Weekly Charter News Roundup: Jan. 25 – Feb. 10

Georgia’s ranking for state charter laws has improved. According to the National Alliance of Charter Schools’ 2016 ranking of state charter laws, Georgia moved up five spots from 23 to 18 to because state lawmakers approved regulations to strengthen authorizer accountability, charter school autonomy and the processes for monitoring charter schools.

  • Georgia added 11 new charter schools this year. In addition, charter schools throughout the state enrolled an additional 7,000 students.
  • The first state chartered school in Fayette County will open its doors for the 2016-2017 school year. Liberty Tech will be housed in the former Brooks Elementary School.

  • Parents at Peachtree Charter Middle School have voted to renew the school’s charter.

  • Atlanta Public Schools Superintendent, Meria Carstarphen, has laid out more detailed plans for turning around a number of the city’s struggling schools. The plans include closing one school, merging another four and hiring charter school groups to manage five others.

  • Members of a panel that spoke during the 2016 Georgia Charter Schools Conference say, if approved by state lawmakers next year, the recent recommendations from the Education Reform Commission would benefit charter and traditional schools in the state. 

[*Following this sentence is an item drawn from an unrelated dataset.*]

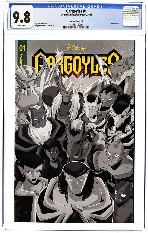 Limited 1 for 10 Retailer Incentive Variant Cover. Written by Greg Weisman. Cover and Art by George Kambadais. All-new ongoing series, in continuity with the epic GARGOYLES television classic! One thousand years ago, superstition and the sword ruled. It was a time of darkness. It was a world of fear. It was THE AGE OF GARGOYLES. Stone by day, Warriors by night, they were betrayed by the humans they had sworn to protect…frozen in stone by a magic spell for a thousand years. Now, here in Manhattan, the spell is broken, and they live again! They are Defenders of the Night! THEY ARE GARGOYLES! Series creator GREG WEISMAN and illustrator GEORGE KAMBADAIS reintroduce the Manhattan Clan, a family of Gargoyles at full strength, though modern New York City is full of attractions and distractions, and each member of the clan has begun to go their own way. But their bonds will be tested, when nefarious factions from all across the world attempt to steal that rarest, most precious of possessions…an unhatched Gargoyle egg! 32 pages, full color. Rated T Cover price $3.99.

  • The Heartland Institute says recommendations made by the Education Reform Commission could lead to more equitable funding for charter schools if approved by state lawmakers next year.

  • Entertainer and actor Ludacris spoke during a rally held at the Georgia Capitol during National School Choice Week.

  • Benita Dodd with the Georgia Public Policy Foundation wrote an opinion piece for the Columbia County News-Times during National School Choice Week. She says Georgia’s education system has seen improvements in recent years due to school choice, but there’s still room for improvement.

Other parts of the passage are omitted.